When you print the records below, keep every word exact and leave out the images.

Stored items from a collection
◆ ◆ ◆ ◆ ◆ ◆ ◆

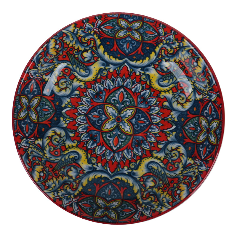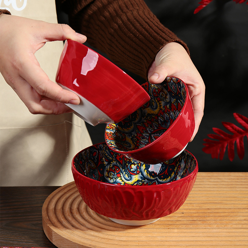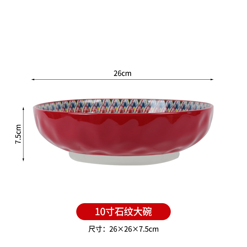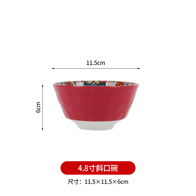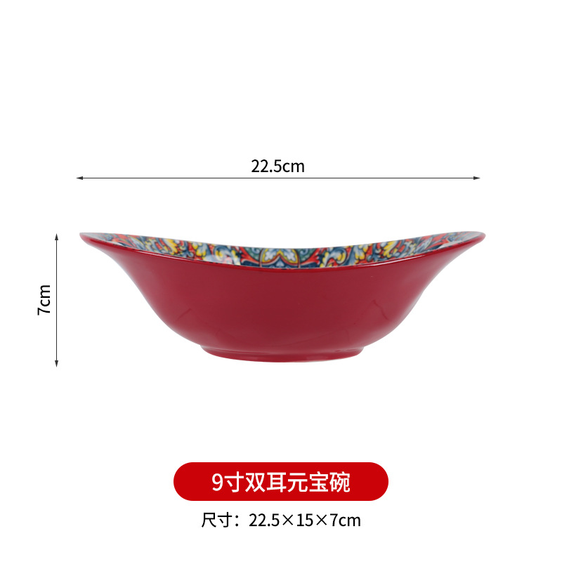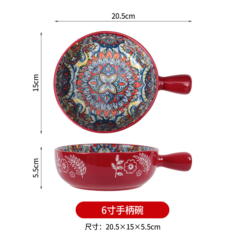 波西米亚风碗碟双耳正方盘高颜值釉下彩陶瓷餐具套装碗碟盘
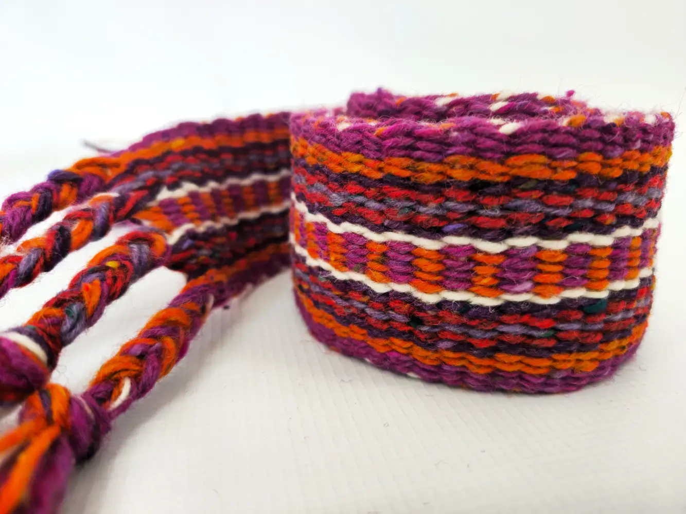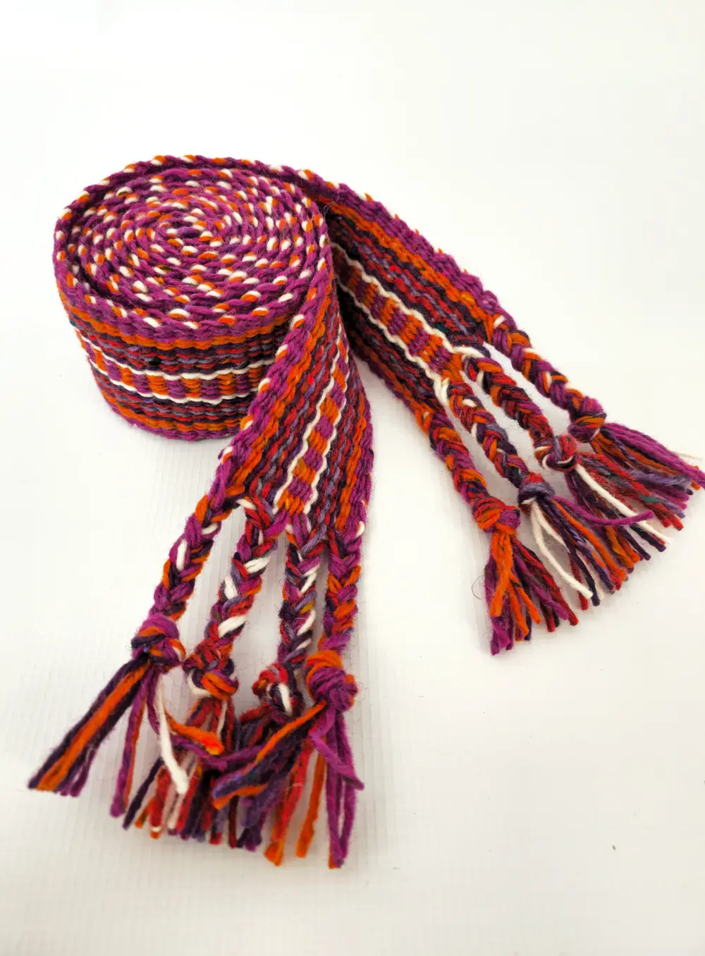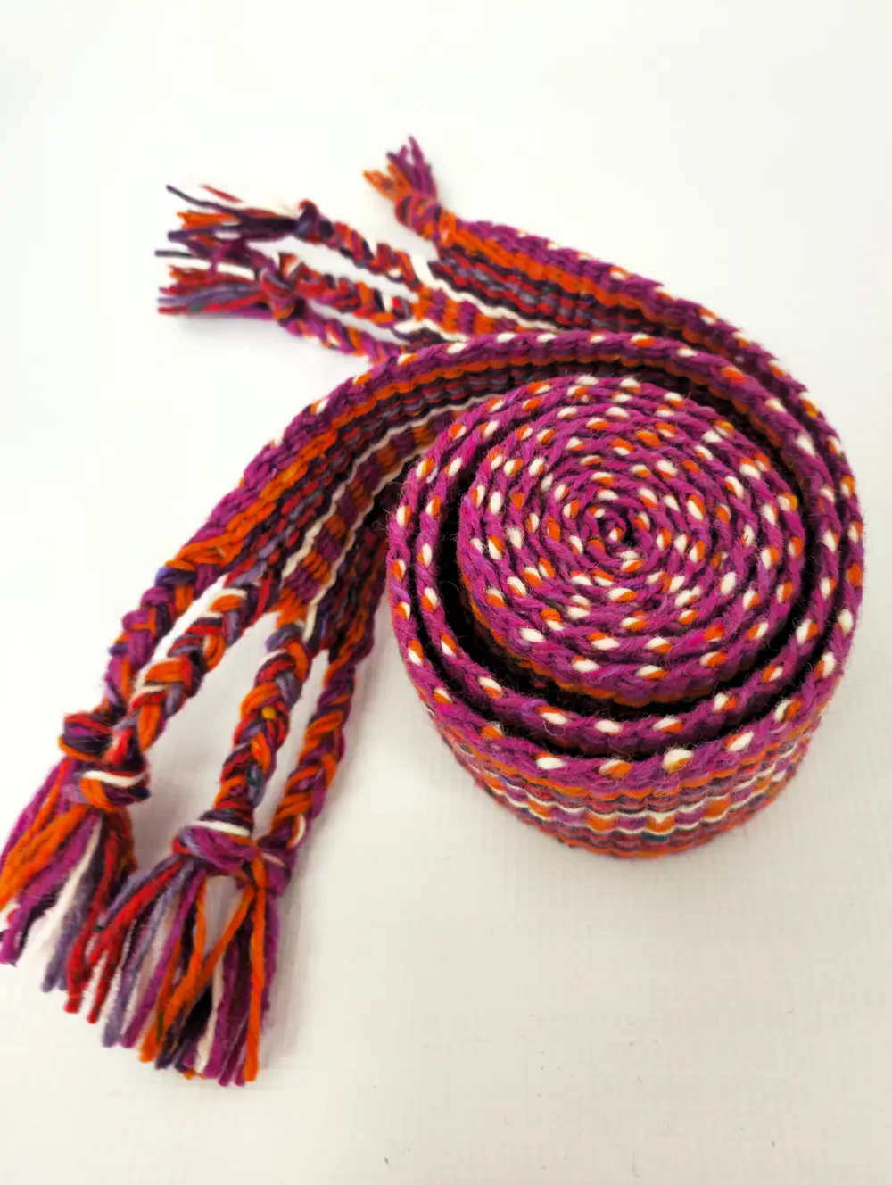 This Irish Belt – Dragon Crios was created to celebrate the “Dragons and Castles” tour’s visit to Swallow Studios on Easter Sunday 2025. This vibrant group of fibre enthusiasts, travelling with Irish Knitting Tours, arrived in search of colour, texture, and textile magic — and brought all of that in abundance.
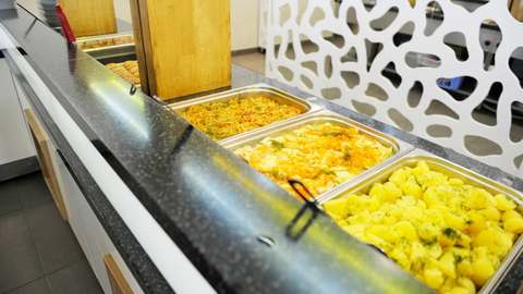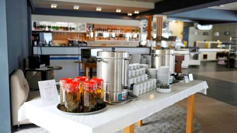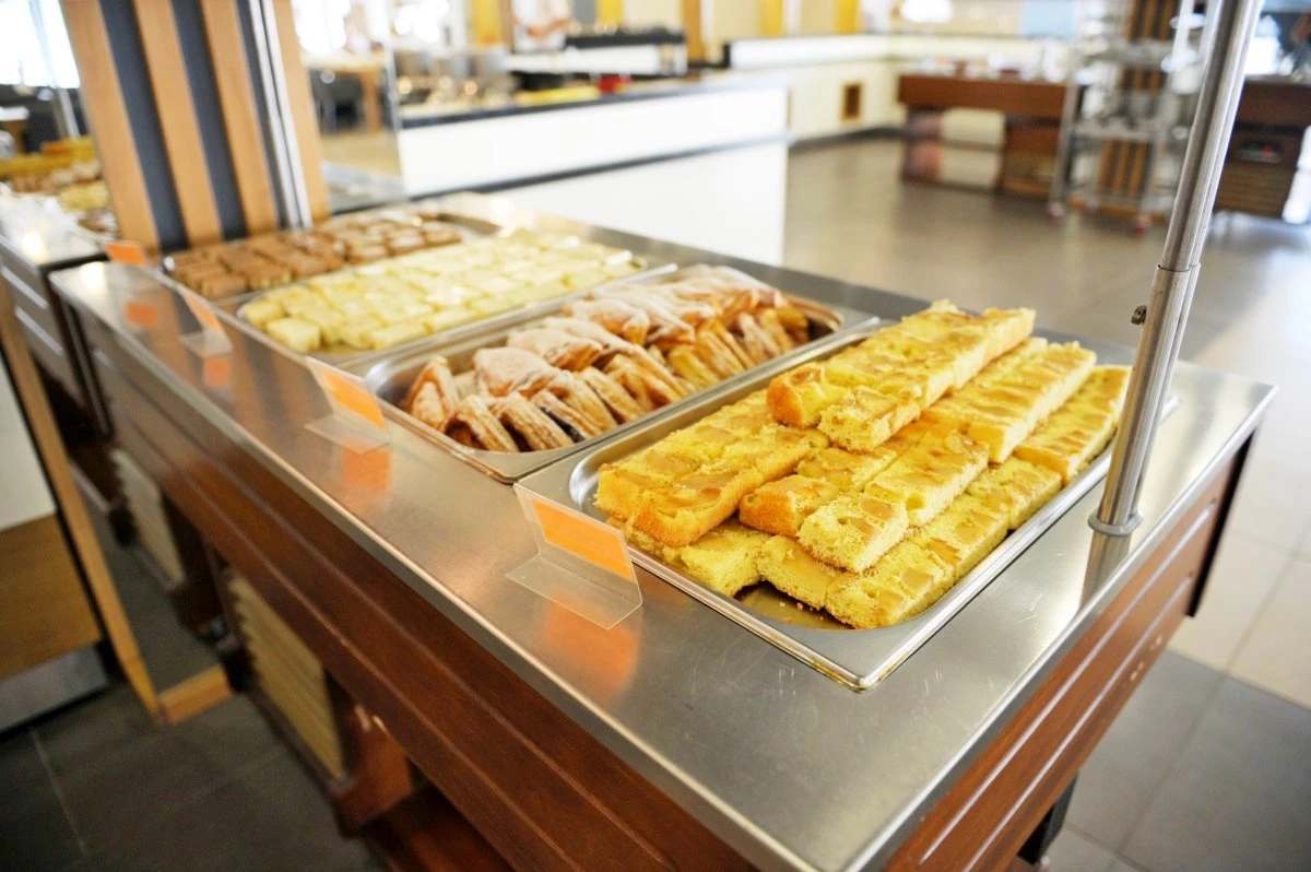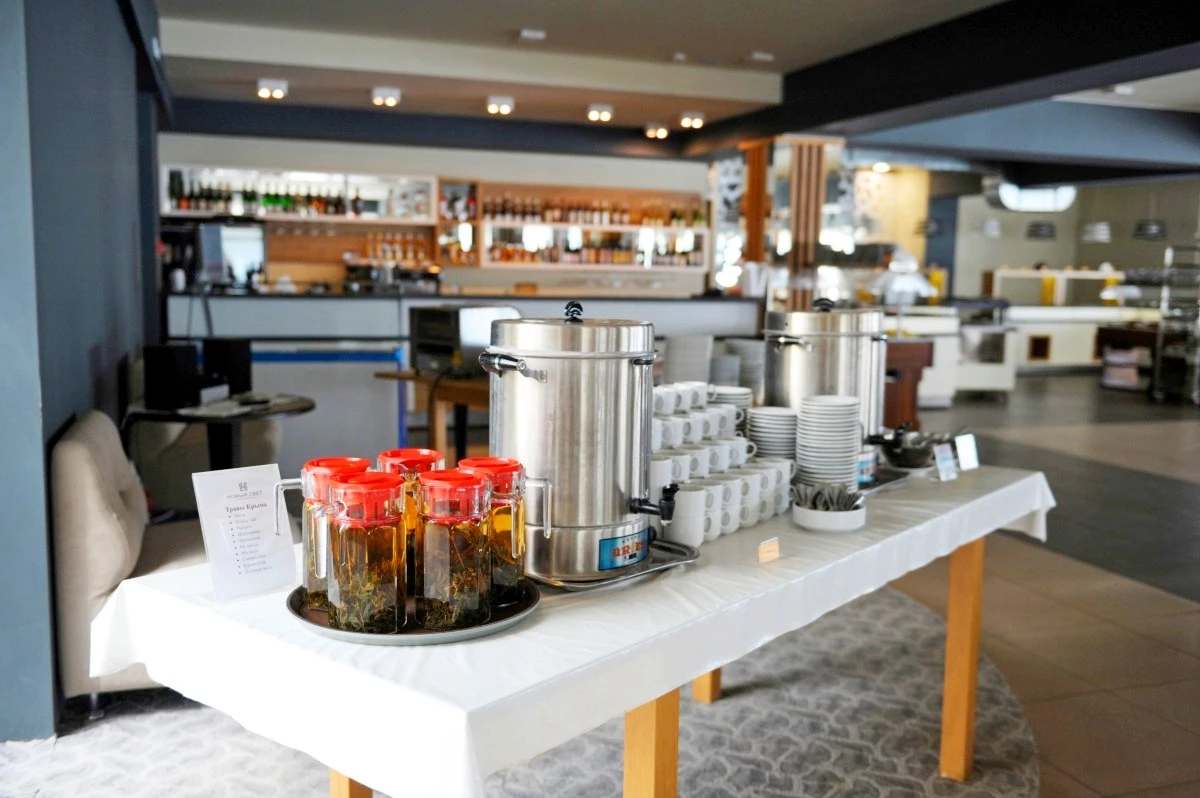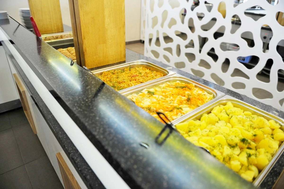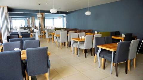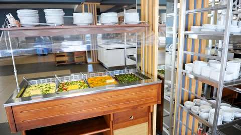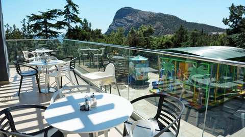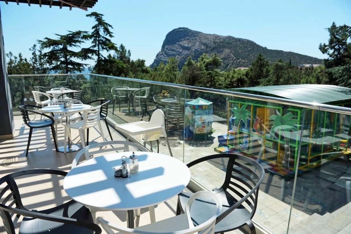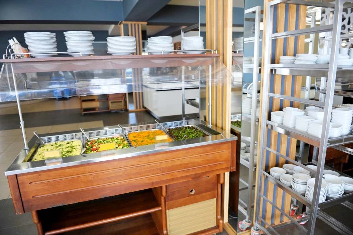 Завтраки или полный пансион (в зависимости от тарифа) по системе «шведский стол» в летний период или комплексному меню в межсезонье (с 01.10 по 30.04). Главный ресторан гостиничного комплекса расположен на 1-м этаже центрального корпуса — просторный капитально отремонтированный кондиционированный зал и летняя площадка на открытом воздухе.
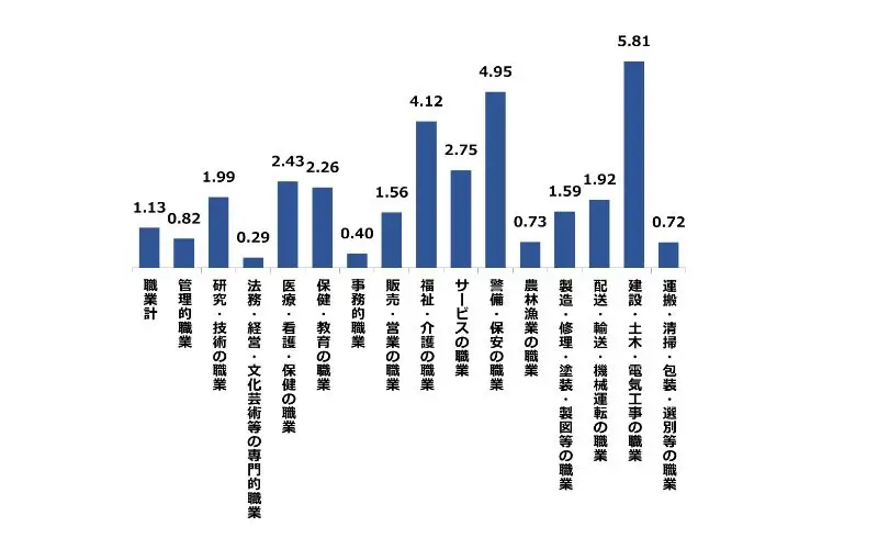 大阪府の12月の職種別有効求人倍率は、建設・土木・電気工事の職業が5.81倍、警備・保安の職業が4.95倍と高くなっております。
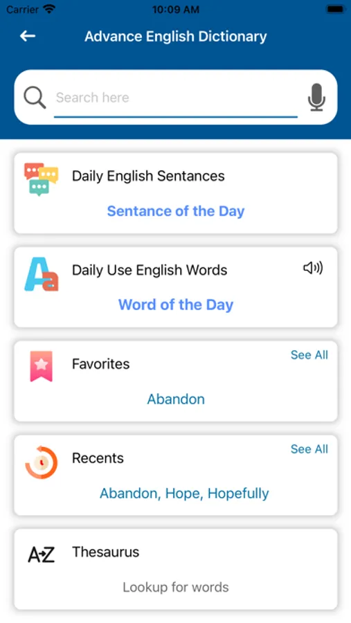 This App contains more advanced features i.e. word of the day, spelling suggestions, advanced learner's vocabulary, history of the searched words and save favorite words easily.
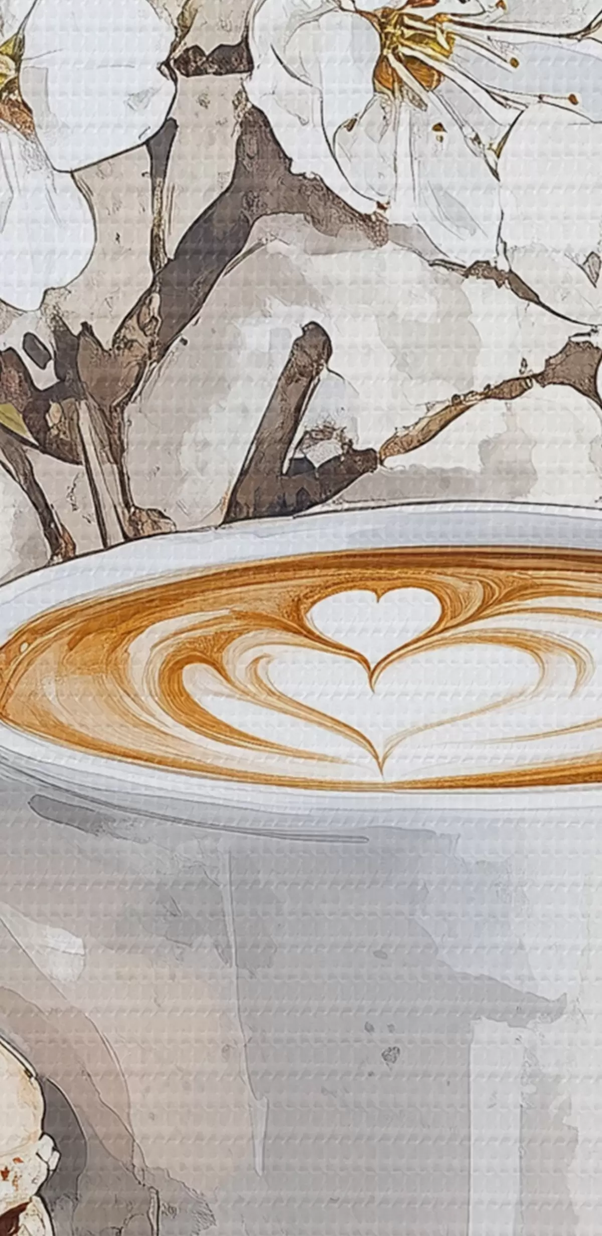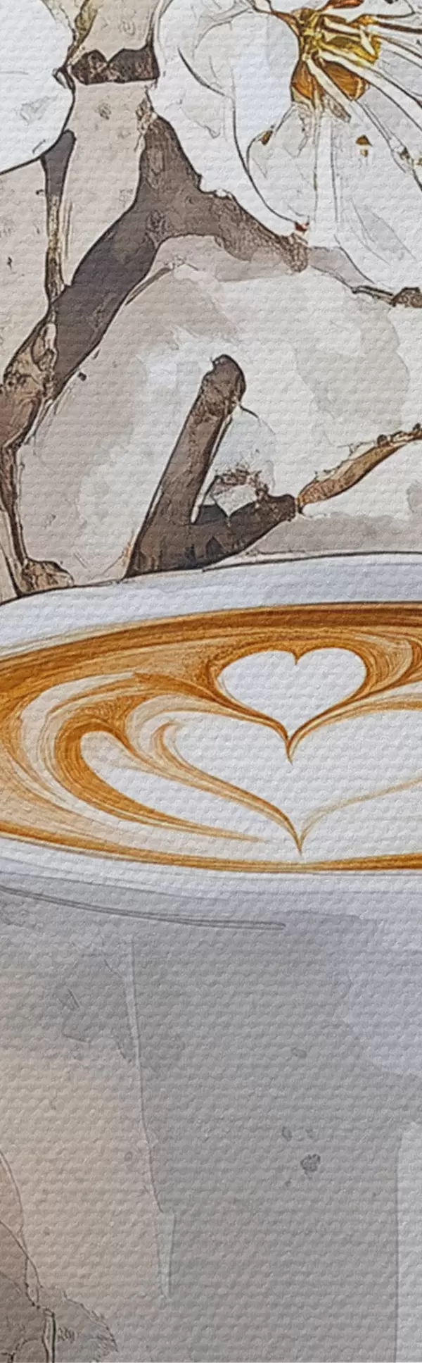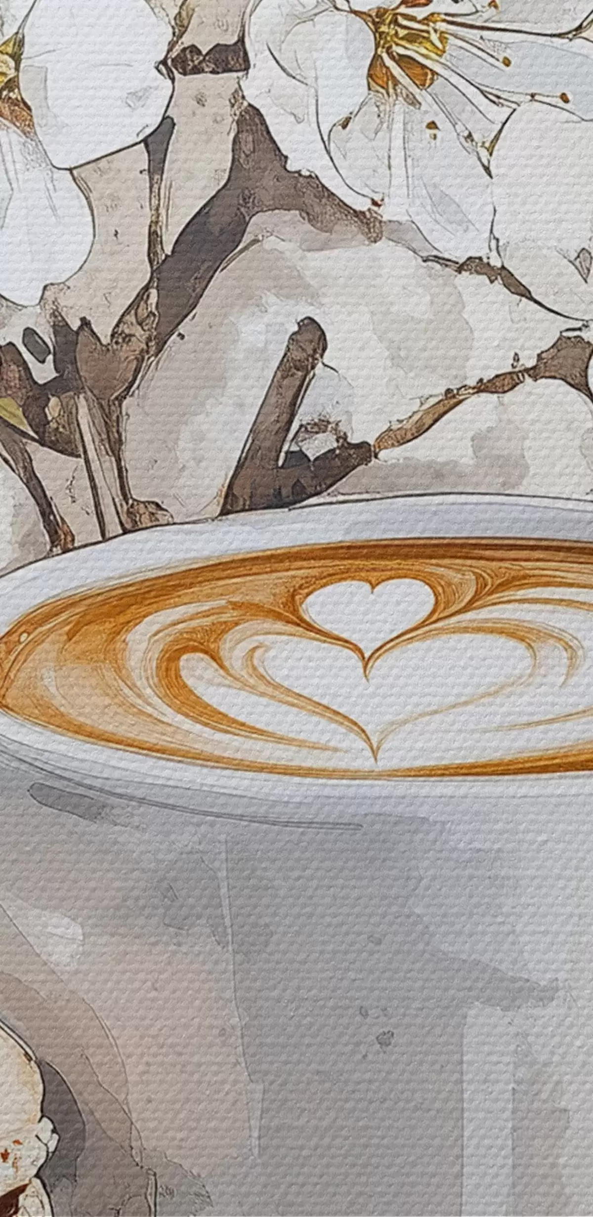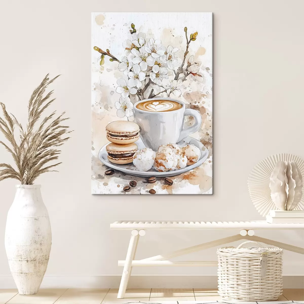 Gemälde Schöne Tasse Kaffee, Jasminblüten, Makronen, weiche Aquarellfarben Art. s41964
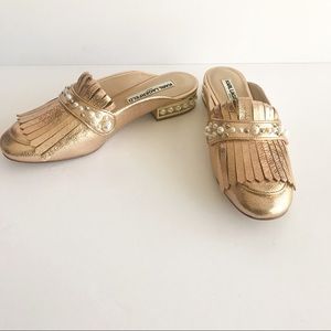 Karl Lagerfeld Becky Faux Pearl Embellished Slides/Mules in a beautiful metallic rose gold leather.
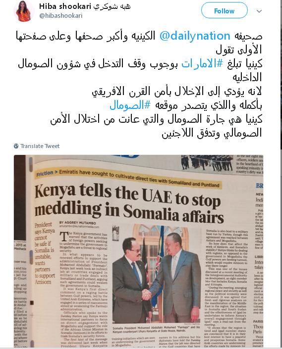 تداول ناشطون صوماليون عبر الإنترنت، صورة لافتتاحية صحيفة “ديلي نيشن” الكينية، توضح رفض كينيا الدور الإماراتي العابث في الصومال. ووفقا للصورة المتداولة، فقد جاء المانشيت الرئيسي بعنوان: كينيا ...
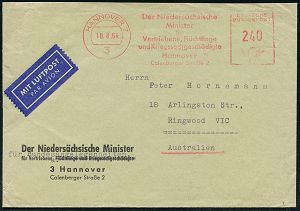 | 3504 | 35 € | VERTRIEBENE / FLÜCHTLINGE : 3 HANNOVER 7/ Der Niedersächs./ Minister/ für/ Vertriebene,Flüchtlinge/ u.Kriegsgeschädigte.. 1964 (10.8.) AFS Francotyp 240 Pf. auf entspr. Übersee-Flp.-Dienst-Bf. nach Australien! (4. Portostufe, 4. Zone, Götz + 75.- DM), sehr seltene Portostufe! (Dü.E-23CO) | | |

◆ ◆ ◆ ◆ ◆ ◆ ◆

◆ The answer ◆
 波西米亚风碗碟双耳正方盘高颜值釉下彩陶瓷餐具套装碗碟盘
 This Irish Belt – Dragon Crios was created to celebrate the “Dragons and Castles” tour’s visit to Swallow Studios on Easter Sunday 2025. This vibrant group of fibre enthusiasts, travelling with Irish Knitting Tours, arrived in search of colour, texture, and textile magic — and brought all of that in abundance.
 Завтраки или полный пансион (в зависимости от тарифа) по системе «шведский стол» в летний период или комплексному меню в межсезонье (с 01.10 по 30.04). Главный ресторан гостиничного комплекса расположен на 1-м этаже центрального корпуса — просторный капитально отремонтированный кондиционированный зал и летняя площадка на открытом воздухе.
 大阪府の12月の職種別有効求人倍率は、建設・土木・電気工事の職業が5.81倍、警備・保安の職業が4.95倍と高くなっております。
 This App contains more advanced features i.e. word of the day, spelling suggestions, advanced learner's vocabulary, history of the searched words and save favorite words easily.
 Gemälde Schöne Tasse Kaffee, Jasminblüten, Makronen, weiche Aquarellfarben Art. s41964
 Karl Lagerfeld Becky Faux Pearl Embellished Slides/Mules in a beautiful metallic rose gold leather.
 تداول ناشطون صوماليون عبر الإنترنت، صورة لافتتاحية صحيفة “ديلي نيشن” الكينية، توضح رفض كينيا الدور الإماراتي العابث في الصومال. ووفقا للصورة المتداولة، فقد جاء المانشيت الرئيسي بعنوان: كينيا ...
 | 3504 | 35 € | VERTRIEBENE / FLÜCHTLINGE : 3 HANNOVER 7/ Der Niedersächs./ Minister/ für/ Vertriebene,Flüchtlinge/ u.Kriegsgeschädigte.. 1964 (10.8.) AFS Francotyp 240 Pf. auf entspr. Übersee-Flp.-Dienst-Bf. nach Australien! (4. Portostufe, 4. Zone, Götz + 75.- DM), sehr seltene Portostufe! (Dü.E-23CO) | | |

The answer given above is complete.